PROBLEM STATEMENT – The full listing is to be transcribed exactly, with each picture left out.

(GIVEN DATA Opens)

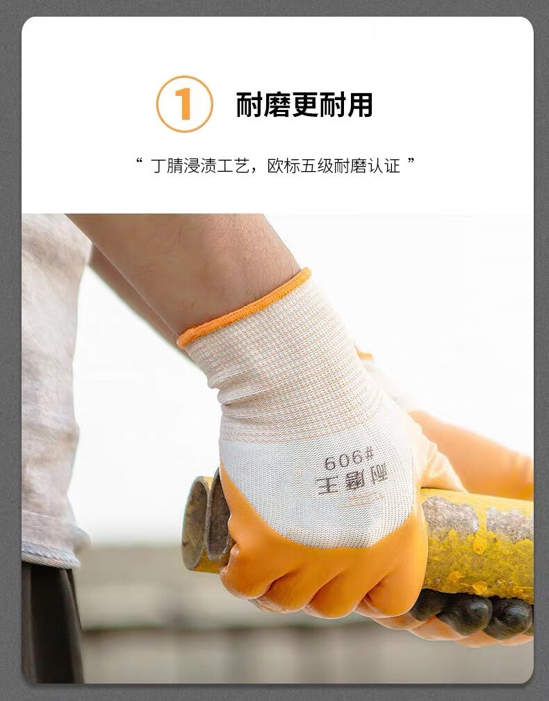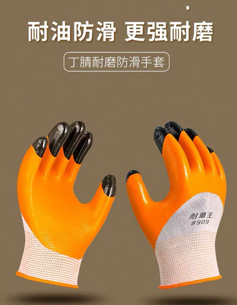 包装清单:1旭利达 丁晴加强指劳保手套耐磨工作防滑加厚橡胶防水耐油 丁晴加指(耐磨王)
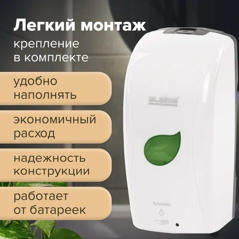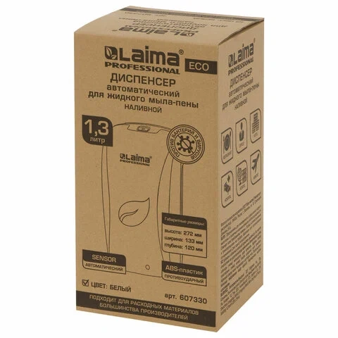 Диспенсер для пены наливной Laima Eco 1.3л, белый, сенсорный, 607330
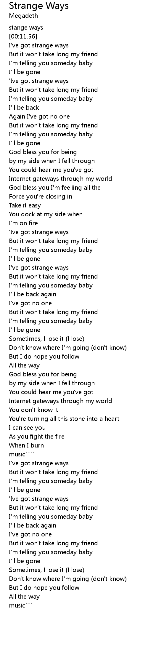 | [00:17.21] | I've got strange ways |
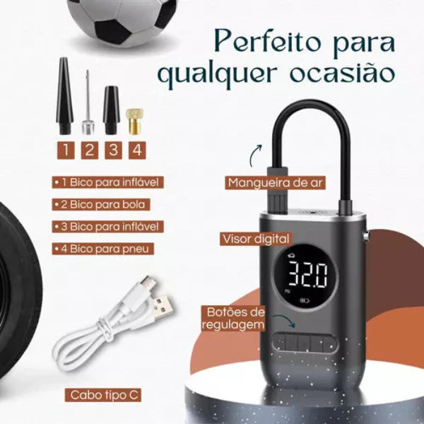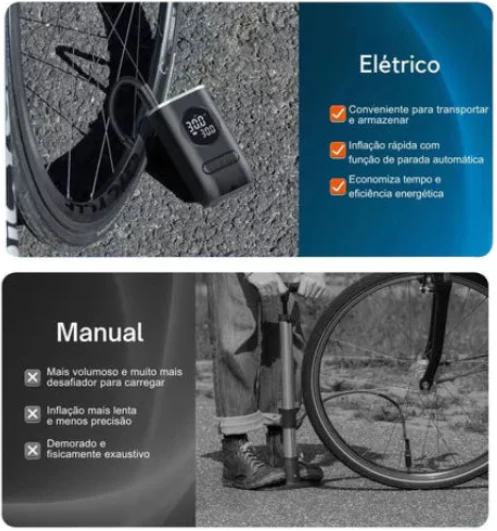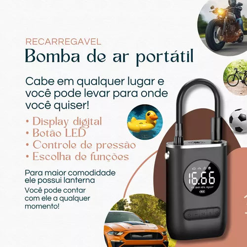 Chega de adivinhações! O Air Max vem com uma tela digital com controle de pressão, que permite ajustar exatamente o nível desejado. E o melhor: ele desliga automaticamente quando atinge a pressão ideal. Simples, seguro e eficiente!

(GIVEN DATA Closes)

ANSWER FOR THIS EXERCISE –
 包装清单:1旭利达 丁晴加强指劳保手套耐磨工作防滑加厚橡胶防水耐油 丁晴加指(耐磨王)
 Диспенсер для пены наливной Laima Eco 1.3л, белый, сенсорный, 607330
 | [00:17.21] | I've got strange ways |
 Chega de adivinhações! O Air Max vem com uma tela digital com controle de pressão, que permite ajustar exatamente o nível desejado. E o melhor: ele desliga automaticamente quando atinge a pressão ideal. Simples, seguro e eficiente!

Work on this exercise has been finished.